Материнство - Шейла Хети
Шрифт:
Интервал:
А пока остается только лечь к нему в постель, где мое тело с благодарностью прильнет к его телу. Неужели все так просто и надо только переместиться из головы в тело? Подкатиться поближе к нему? Я уже ни во что больше не верю. Как мне обрести ее? Какие две противоположности нужно свести вместе, чтобы снова довериться себе?
* * *
Вечером я расплакалась в объятиях Майлза, а потом мы уснули. Порой я плачу такими жгучими слезами только для того, чтобы почувствовать, как сильно и нежно я его люблю, как хочу, чтобы он был моим, и как было бы ужасно, если бы он моим не был. Майлз разобьет мне сердце, если уйдет. Я даже думать об этом не могу – от одной мысли меня выворачивает.

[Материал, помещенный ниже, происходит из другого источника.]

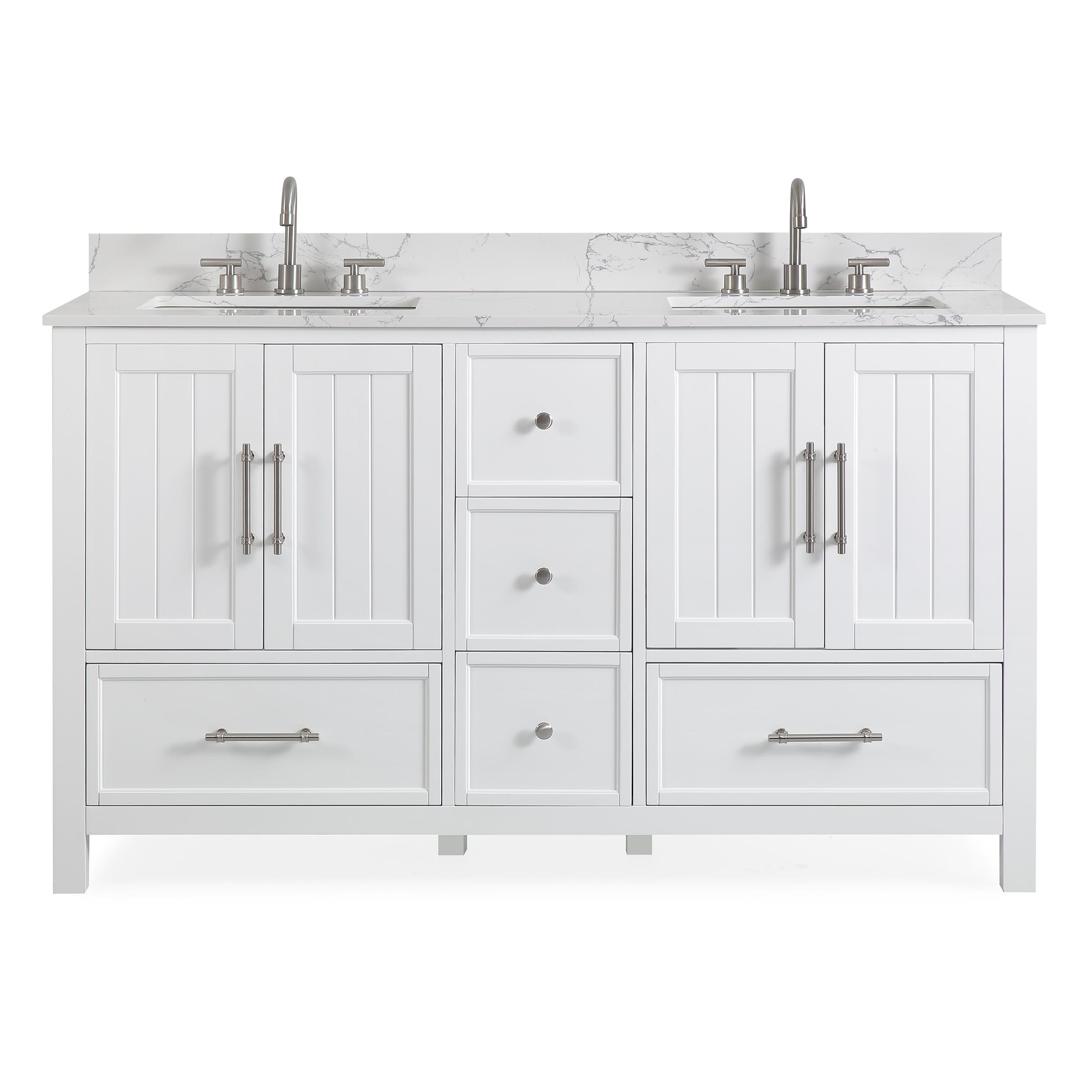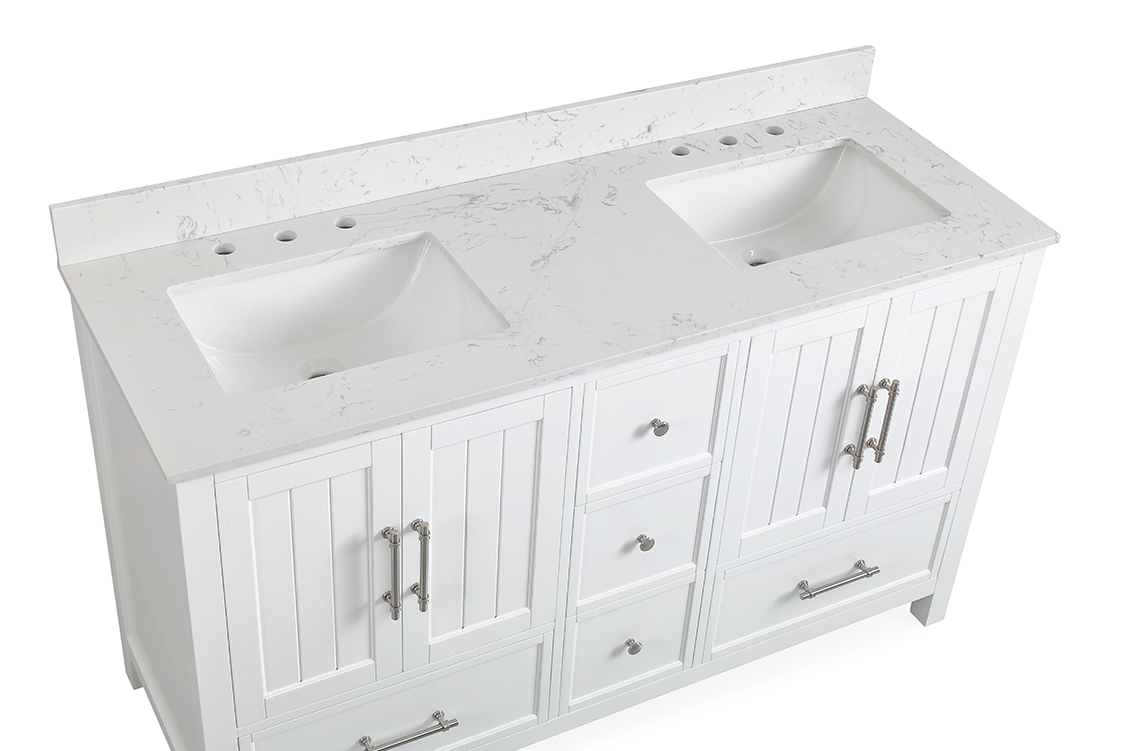 60" Double Sink Vanity White Cultured Marble Top Bathroom Cabinet

Но зачем об этом думать? Я веду себя как ненормальная. Как будто это и не я вовсе, а какая-то худшая, самая неуверенная в себе часть меня. Он сказал: «Я сделаю все, чтобы спасти наши отношения, но деликатничать, ходить вокруг тебя на цыпочках не стану». А ведь я хожу вокруг него на цыпочках! Майлз утверждает, что так, как сейчас, мы ссоримся только перед моими месячными, но я сомневаюсь – боюсь доверять его интерпретациям. И даже если так оно и есть, не хочу в это верить. Не представляю, что делать, если проблемы не в нем, а во мне.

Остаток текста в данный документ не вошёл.